Unfortunately, she’d had to accept years ago that she couldn’t avoid it, and she had to admit Tomei made it a less excruciating experience. A year and a half younger than Waldemar Tümmel, he was far more comfortable than the flag lieutenant when it came to social events, like tonight’s state dinner to bid Benjamin Mayhew an official farewell. He was less adroit than Tümmel on the purely military side, but between the two of them—with prodigious assistance from James MacGuiness—they got her most everywhere she needed to be almost on schedule.
And in between dinners, meetings, interviews, baby-kissings, ribbon cuttings, and photo sessions, I actually get to spend a little time thinking about how to fight the Solarian League! she thought wryly.

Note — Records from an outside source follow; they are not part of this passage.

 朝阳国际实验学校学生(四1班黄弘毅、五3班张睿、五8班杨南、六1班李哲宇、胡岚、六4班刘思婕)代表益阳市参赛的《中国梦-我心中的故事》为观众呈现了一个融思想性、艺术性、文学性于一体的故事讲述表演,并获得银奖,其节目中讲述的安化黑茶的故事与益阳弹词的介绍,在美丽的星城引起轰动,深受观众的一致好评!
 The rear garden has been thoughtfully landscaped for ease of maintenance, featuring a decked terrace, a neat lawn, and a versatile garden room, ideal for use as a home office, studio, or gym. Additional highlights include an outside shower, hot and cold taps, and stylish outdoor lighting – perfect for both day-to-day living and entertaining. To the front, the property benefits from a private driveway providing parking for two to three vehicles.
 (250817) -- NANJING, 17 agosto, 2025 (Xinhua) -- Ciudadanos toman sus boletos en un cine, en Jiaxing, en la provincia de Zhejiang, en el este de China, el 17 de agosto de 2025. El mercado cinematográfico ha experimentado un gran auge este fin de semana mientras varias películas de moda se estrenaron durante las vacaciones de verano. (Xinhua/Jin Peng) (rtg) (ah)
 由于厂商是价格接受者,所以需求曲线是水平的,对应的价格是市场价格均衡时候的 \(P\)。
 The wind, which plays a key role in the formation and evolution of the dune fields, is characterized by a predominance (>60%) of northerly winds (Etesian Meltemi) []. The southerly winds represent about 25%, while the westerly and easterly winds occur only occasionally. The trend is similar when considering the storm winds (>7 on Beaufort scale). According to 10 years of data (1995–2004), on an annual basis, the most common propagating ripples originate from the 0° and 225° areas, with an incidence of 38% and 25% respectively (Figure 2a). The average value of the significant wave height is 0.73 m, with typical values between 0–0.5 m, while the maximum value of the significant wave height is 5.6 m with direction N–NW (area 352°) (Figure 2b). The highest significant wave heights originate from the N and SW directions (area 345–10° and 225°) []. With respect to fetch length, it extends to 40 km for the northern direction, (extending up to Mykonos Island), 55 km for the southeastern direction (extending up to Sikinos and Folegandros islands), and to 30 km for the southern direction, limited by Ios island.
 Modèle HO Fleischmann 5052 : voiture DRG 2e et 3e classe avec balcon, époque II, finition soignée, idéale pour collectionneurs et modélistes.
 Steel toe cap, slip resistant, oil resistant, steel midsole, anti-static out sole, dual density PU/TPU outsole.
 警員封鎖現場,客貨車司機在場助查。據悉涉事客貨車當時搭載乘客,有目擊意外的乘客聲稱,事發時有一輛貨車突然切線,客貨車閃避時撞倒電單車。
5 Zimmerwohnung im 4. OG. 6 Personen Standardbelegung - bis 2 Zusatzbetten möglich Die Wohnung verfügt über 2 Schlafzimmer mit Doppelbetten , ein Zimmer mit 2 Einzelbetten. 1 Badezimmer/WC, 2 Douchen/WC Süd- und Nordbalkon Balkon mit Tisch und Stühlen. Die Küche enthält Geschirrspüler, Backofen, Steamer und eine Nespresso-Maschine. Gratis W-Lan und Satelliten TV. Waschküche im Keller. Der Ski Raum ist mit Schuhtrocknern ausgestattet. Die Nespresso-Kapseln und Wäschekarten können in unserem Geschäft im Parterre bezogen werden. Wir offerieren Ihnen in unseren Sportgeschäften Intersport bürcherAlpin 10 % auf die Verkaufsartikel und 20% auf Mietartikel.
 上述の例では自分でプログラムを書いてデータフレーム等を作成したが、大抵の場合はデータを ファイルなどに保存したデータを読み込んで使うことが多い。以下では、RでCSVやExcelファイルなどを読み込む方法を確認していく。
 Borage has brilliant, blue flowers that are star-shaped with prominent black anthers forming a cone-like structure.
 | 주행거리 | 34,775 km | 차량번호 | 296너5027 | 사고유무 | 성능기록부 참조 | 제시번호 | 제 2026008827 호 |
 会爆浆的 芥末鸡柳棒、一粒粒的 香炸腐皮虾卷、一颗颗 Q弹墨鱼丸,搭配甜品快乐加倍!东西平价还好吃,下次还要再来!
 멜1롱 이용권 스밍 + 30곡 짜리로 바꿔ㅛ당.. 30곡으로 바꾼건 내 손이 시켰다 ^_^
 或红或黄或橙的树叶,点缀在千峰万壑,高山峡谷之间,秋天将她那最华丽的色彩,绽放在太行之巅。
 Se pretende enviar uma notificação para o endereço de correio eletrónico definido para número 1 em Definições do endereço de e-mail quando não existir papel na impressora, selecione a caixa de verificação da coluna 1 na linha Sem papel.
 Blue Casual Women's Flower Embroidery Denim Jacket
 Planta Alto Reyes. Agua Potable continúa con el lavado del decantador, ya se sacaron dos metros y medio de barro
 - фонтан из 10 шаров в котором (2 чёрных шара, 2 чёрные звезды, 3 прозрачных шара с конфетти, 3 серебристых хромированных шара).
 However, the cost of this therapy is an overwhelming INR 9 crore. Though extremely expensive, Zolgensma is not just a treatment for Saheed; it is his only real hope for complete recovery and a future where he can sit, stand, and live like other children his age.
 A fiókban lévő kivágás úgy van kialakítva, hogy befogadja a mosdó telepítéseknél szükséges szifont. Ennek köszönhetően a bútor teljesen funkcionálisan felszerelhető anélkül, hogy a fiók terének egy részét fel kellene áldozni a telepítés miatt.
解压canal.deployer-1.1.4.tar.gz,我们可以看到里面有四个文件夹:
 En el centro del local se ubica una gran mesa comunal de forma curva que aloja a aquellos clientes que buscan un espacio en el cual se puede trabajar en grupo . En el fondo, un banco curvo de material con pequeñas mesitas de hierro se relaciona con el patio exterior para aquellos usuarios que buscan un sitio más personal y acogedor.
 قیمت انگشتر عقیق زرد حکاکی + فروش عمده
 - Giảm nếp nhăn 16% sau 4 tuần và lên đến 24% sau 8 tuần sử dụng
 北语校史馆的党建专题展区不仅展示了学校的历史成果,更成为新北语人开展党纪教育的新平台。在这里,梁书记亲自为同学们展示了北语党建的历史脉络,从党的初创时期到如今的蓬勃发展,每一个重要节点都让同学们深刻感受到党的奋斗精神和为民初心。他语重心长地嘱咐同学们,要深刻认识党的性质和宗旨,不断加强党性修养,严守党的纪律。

“I think you’re probably right about that, Luca,” she said now. “Of course,” she gave him an amused look, “there’s still the question of whether I go in uniform or civilian dress, isn’t there?”
“I suppose there is, Your Grace, but—”
A soft chime interrupted him, and Honor touched the stud on her desk.
“Yes?” she said.
“I hate to interrupt you when I know you’re so deeply involved in something you enjoy so much, My Lady,” Major Spencer Hawke, Honor’s senior armsman, said over the intercom, “but Captain Reynolds would appreciate a moment of your time.”
“Gosh,” she said, giving Tomei a wicked look, “I really hate to break this off, but if Captain Reynolds needs to talk to me, by all means send him in!”
“You do realize I’ll be back as soon as the Captain leaves, Your Grace?”
“But if I’m quick enough, I can sneak out the back way before you get here!” she said, and Nimitz bleeked a laugh from his bulkhead perch.
“There isn’t a back way, Your Grace.” Tomei’s lips twitched, but his tone was admirably grave.
“You just think there isn’t,” she told him, then looked up as the cabin door opened and George Reynolds, her staff intelligence officer, stepped through it.
“George! Just the man I wanted to see!” she said enthusiastically.
Reynolds smiled, but it was a brief and fleeting expression, and her own eyes narrowed.
“What is it?” she asked in a rather different tone.
“Your Grace, I’ve got something you need to hear.”
Office of the Second Space Lord
Admiralty House
City of Landing
Manticore
Star Empire of Manticore
“Sorry it took me so long, Pat,” Hamish Alexander-Harrington, Earl White Haven and First Lord of Admiralty, said, as he followed Commander Terry Lassaline Admiral Patricia Givens’s new chief of staff, through Givens’s office door. Tobias Stimson, his personal armsman peeled off outside the door. “We were in transit when your message came in. So what’s this all about? I assume there’s a reason I’m here instead of talking to the Select Committee, where I’m supposed to be?”
“Actually, Hamish,” a familiar soprano said from the office’s smart wall, “I’m the one who’s messed up your schedule. Sorry about that. I’m sure you’re looking forward to talking to the Committee almost as enthusiastically as I’m looking forward to that state dinner tonight.”
“Honor!” White Haven’s incipient frown disappeared as he turned to face the smart wall. “If you needed to talk to me, there are simpler ways to do it.”
“I’m aware.” His wife shook her head with a certain resignation as Lassaline touched White Haven’s elbow and pointed at one of the armchairs facing the smart wall. “Unfortunately, this call isn’t a social occasion. There’s something you need to see.”